Business Confidence Highest Since End of Last Year
Meanwhile the business climate in Germany is also looking more positive. A monthly survey by the Information and Research Institute (Ifo), an economic research organization based out of Munich University, reports the highest levels of confidence since last October. The index had gone up for several months in a row -- to 87.3 in July, up from 85.9 in June. And it reflected not just hope for the future but satisfaction about current conditions which, according to some analysts, meant that a recovery was looking more realistic to local business.
"Firms are no longer quite so dissatisfied with their current business situation," said Ifo president, Hans-Werner Sinn. "They are again less skeptical regarding business developments in the coming half year. It seems that the economy is gaining traction."
An Ernst & Young survey of business confidence released late last week supports this, indicating that while the majority of businesses are either ambivalent or negative about their current situation, they are overwhelmingly positive about the future. In the short term, German businesses believe they have reached the lowest point, with 31 percent believing things will get better from now on. And in the medium and longer term, most predict things will slowly improve. Over half -- 66 percent -- say things will improve over the next year and around three quarters --79 percent -- are optimistic that the economy will turn around within the next two years.
As Klaus Zimmerman, president of the German institute for Economic Research (DIW) told the Neuen Osnabrücker Zeitung, a daily newspaper based in the state of Lower Saxony, over the weekend: "Most indicators show an economic recovery and we will see that the free fall has ended, based on German figures for the second quarter." After a disastrous fall of 3.8 percent in the first quarter of this year, all figures indicate that the German economy is expected to return to slow growth in the third quarter.
'One Swallow Doesn't Make a Summer.'
However various experts are also advising against being over optimistic. Skeptics say that all the financial stimulus provided by national governments can't help but have an effect on economic growth. "One swallow doesn't make a summer," Hans Michelbach, the chairman of the Christian Social Union (CSU) association for small business, told news agency Reuters. "We should keep a clear vision of reality."
And like many others, Michelbach suggested that the real test for consumer and business confidence could come later in the year, with the release of unemployment figures. In June, a total of 3.41 million Germans were registered jobless (a quarter of a million more than in the previous year) and the unemployment rate was 8.1 percent. These figures are expected to continue to rise, with some pundits fearing unemployment of over four million and, in the worst case scenario, even five million.

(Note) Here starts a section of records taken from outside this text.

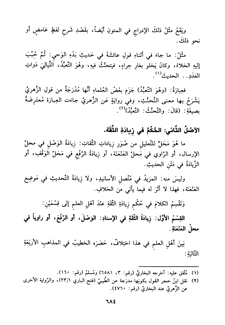 فعبارة: (وهو التعبد) جزم بعض العلماء أنها مدرجة من قول الزهري يشرح بها معنى التَّحنُّث، وفي رواية عن الزهري جاءت العبارة معترضة بصيغة: (قال: والتَّحنُّث: التعبد) (¬2).
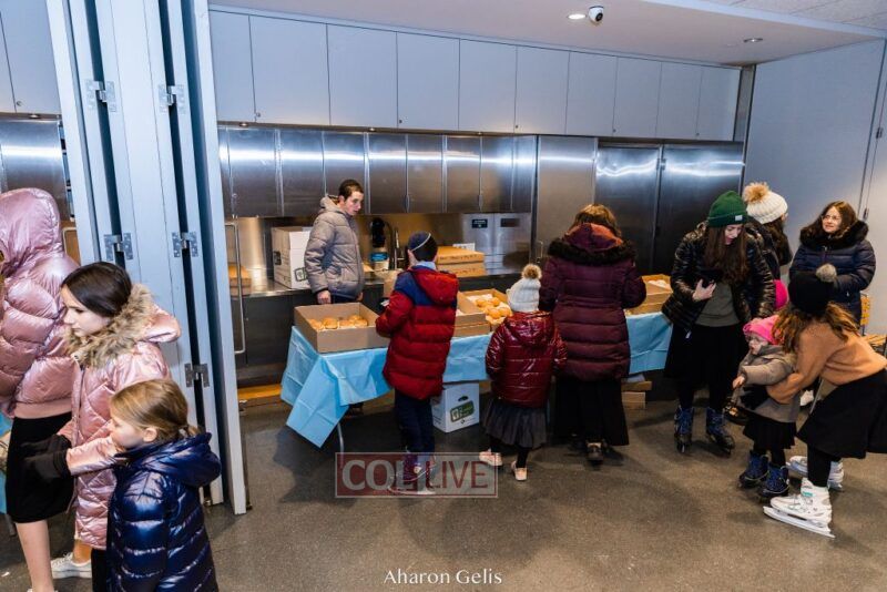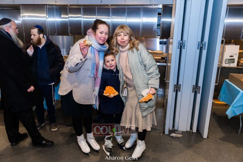The crowd proudly celebrated Chanukah in the public park, enjoying hot latkes, doughnuts and pizza and family ice skating to Jewish music at the Le Frak rink.
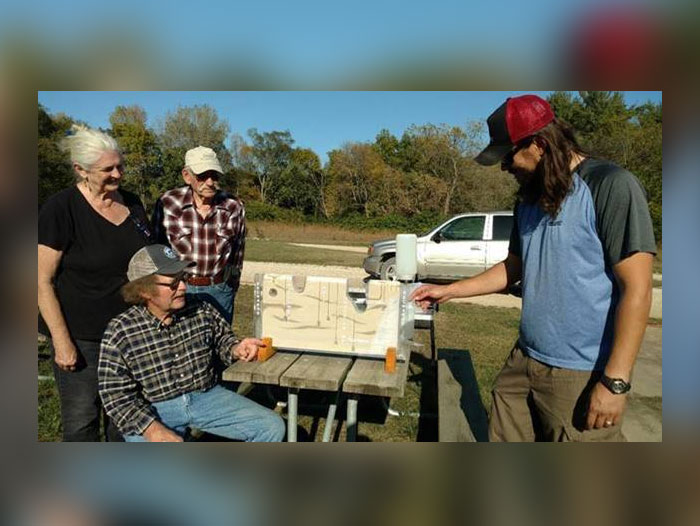 Southfork Watershed Alliance (SFWA) board members (from left) Jo Baumannn, John Gilbert and Vern Schwartz recently presented Chris Barber, Calkin’s Nature Area manager, with a ground water flow model. The SFWA purchased the model with a contribution from Niman Ranch in recognition of Gilbert and his family as their Sustainable Farm of the Year. The model will permit Calkins to better teach how water moves through the soil and the importance of protecting it. The Gilberts have sold their pigs to Niman Ranch for more than 20 years.
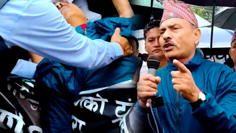 Kulman Ghising बिरुद्ध सडकमा उत्रिएका ट्रेड युनियन जिफन्टका उपाध्यक्ष भाषण गर्दा गर्दै सडकमै अस्ताए
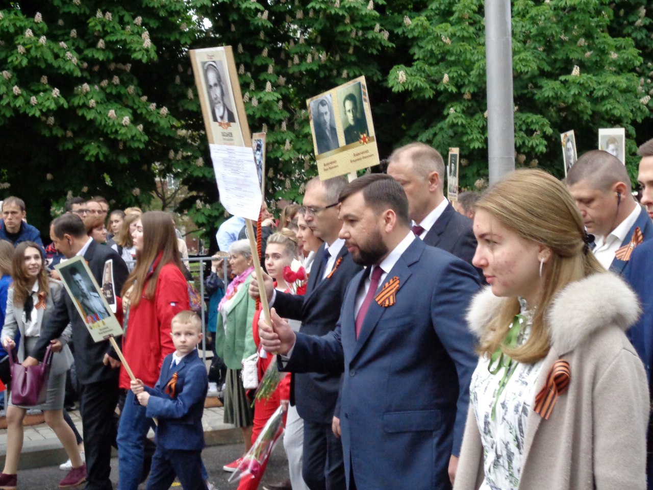 Колонну "Бессмертного полка", которая прошла по Донецку 9 мая, возглавили глава ДНР Денис Пушилин и спикер Народного Совета ДНР Владимир Бидёвка, передаёт корреспондент Царьграда.

There is also concern in Germany about the health of its banks and the possibility of a credit crunch over the next few months. Additionally businesses are worried about the potential for inflation following huge injections of cash, in the form of stimulus packages, into the economy by the government. Around 64 percent of those surveyed by Ernst & Young are worried about negative repercussions of possible inflation.
So could these apparent signs of an ongoing German recovery drive the European Union's own economic turnaround? Germany's upswing is clearly having an impact. The Eurozone PMI also hit a high point in July, rising from 44.6 percent in June to 46.8 in July. However, while there is a deceleration in contraction and a series of small but steady signs of growth, other European states still lag behind Germany, the largest economy in the EU -- and, as the Financial Times has reported, the EU as a whole also continues to lag behind the UK and the US.